## Exercise instructions
Repeat the listing word for word, but skip any pictures.

## Record set

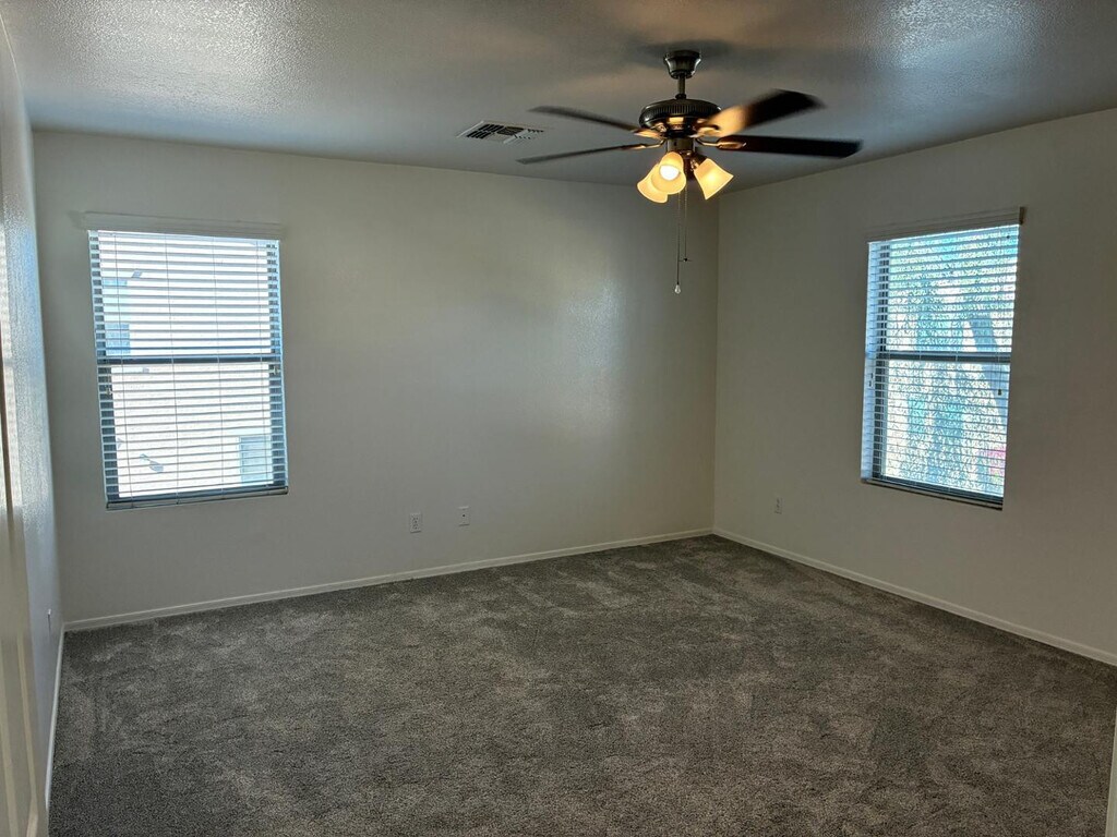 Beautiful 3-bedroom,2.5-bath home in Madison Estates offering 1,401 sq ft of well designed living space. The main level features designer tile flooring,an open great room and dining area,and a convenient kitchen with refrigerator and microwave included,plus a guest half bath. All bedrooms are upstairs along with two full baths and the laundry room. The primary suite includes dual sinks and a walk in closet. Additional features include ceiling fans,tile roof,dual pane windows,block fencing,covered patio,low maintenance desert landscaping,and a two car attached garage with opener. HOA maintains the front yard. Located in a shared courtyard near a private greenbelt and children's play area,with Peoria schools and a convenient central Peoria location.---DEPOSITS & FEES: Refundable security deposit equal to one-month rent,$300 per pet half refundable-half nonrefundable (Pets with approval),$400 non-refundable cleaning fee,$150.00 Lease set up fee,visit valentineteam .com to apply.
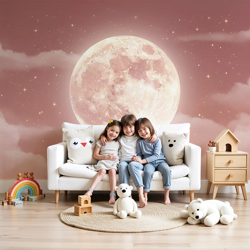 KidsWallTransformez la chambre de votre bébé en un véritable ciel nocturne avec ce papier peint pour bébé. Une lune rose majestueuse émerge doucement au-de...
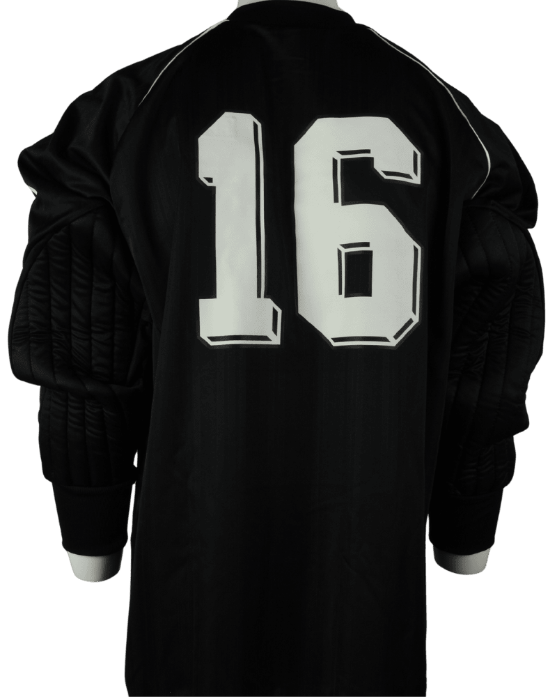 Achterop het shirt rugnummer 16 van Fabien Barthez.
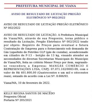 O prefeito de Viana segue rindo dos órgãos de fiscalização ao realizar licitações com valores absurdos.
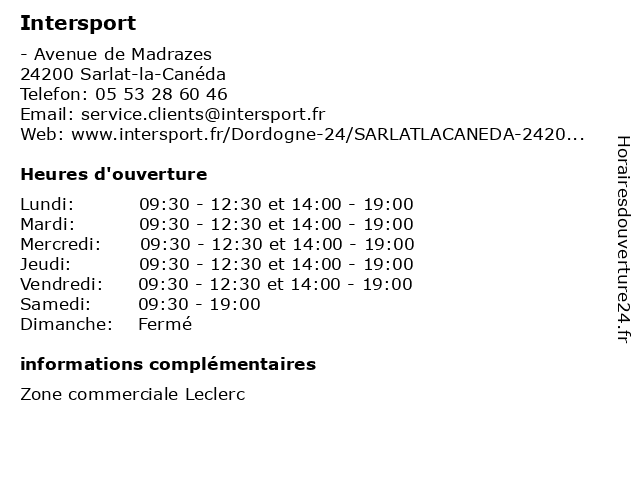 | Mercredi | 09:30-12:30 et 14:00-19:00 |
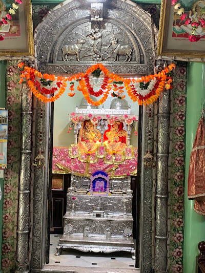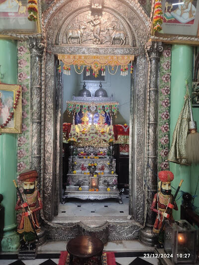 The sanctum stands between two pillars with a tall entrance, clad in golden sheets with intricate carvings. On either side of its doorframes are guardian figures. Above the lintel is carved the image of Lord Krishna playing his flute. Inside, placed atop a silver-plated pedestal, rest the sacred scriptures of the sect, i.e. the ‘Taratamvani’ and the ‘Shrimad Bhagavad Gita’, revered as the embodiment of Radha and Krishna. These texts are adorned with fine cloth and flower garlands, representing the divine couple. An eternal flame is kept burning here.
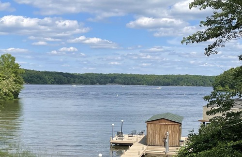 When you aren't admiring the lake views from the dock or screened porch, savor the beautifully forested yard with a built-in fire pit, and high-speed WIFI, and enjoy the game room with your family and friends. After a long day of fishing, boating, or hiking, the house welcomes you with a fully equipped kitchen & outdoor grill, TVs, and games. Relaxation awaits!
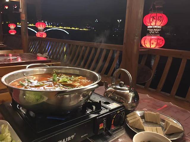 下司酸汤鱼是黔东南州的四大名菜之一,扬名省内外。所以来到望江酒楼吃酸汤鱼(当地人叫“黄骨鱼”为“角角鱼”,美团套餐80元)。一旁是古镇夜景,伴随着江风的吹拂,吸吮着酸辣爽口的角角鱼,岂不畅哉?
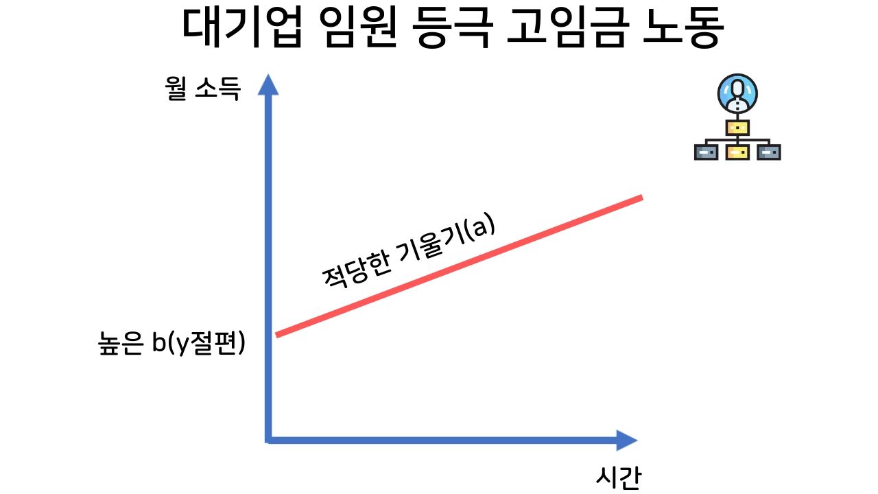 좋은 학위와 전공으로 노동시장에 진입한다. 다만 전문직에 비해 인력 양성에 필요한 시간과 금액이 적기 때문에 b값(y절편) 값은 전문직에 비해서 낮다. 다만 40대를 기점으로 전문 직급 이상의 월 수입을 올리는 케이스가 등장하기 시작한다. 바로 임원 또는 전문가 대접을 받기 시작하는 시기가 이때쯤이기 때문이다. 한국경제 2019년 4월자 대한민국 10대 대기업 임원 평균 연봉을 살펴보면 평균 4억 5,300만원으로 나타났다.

## Result of this task
 Beautiful 3-bedroom,2.5-bath home in Madison Estates offering 1,401 sq ft of well designed living space. The main level features designer tile flooring,an open great room and dining area,and a convenient kitchen with refrigerator and microwave included,plus a guest half bath. All bedrooms are upstairs along with two full baths and the laundry room. The primary suite includes dual sinks and a walk in closet. Additional features include ceiling fans,tile roof,dual pane windows,block fencing,covered patio,low maintenance desert landscaping,and a two car attached garage with opener. HOA maintains the front yard. Located in a shared courtyard near a private greenbelt and children's play area,with Peoria schools and a convenient central Peoria location.---DEPOSITS & FEES: Refundable security deposit equal to one-month rent,$300 per pet half refundable-half nonrefundable (Pets with approval),$400 non-refundable cleaning fee,$150.00 Lease set up fee,visit valentineteam .com to apply.
 KidsWallTransformez la chambre de votre bébé en un véritable ciel nocturne avec ce papier peint pour bébé. Une lune rose majestueuse émerge doucement au-de...
 Achterop het shirt rugnummer 16 van Fabien Barthez.
 O prefeito de Viana segue rindo dos órgãos de fiscalização ao realizar licitações com valores absurdos.
 | Mercredi | 09:30-12:30 et 14:00-19:00 |
 The sanctum stands between two pillars with a tall entrance, clad in golden sheets with intricate carvings. On either side of its doorframes are guardian figures. Above the lintel is carved the image of Lord Krishna playing his flute. Inside, placed atop a silver-plated pedestal, rest the sacred scriptures of the sect, i.e. the ‘Taratamvani’ and the ‘Shrimad Bhagavad Gita’, revered as the embodiment of Radha and Krishna. These texts are adorned with fine cloth and flower garlands, representing the divine couple. An eternal flame is kept burning here.
 When you aren't admiring the lake views from the dock or screened porch, savor the beautifully forested yard with a built-in fire pit, and high-speed WIFI, and enjoy the game room with your family and friends. After a long day of fishing, boating, or hiking, the house welcomes you with a fully equipped kitchen & outdoor grill, TVs, and games. Relaxation awaits!
 下司酸汤鱼是黔东南州的四大名菜之一,扬名省内外。所以来到望江酒楼吃酸汤鱼(当地人叫“黄骨鱼”为“角角鱼”,美团套餐80元)。一旁是古镇夜景,伴随着江风的吹拂,吸吮着酸辣爽口的角角鱼,岂不畅哉?
 좋은 학위와 전공으로 노동시장에 진입한다. 다만 전문직에 비해 인력 양성에 필요한 시간과 금액이 적기 때문에 b값(y절편) 값은 전문직에 비해서 낮다. 다만 40대를 기점으로 전문 직급 이상의 월 수입을 올리는 케이스가 등장하기 시작한다. 바로 임원 또는 전문가 대접을 받기 시작하는 시기가 이때쯤이기 때문이다. 한국경제 2019년 4월자 대한민국 10대 대기업 임원 평균 연봉을 살펴보면 평균 4억 5,300만원으로 나타났다.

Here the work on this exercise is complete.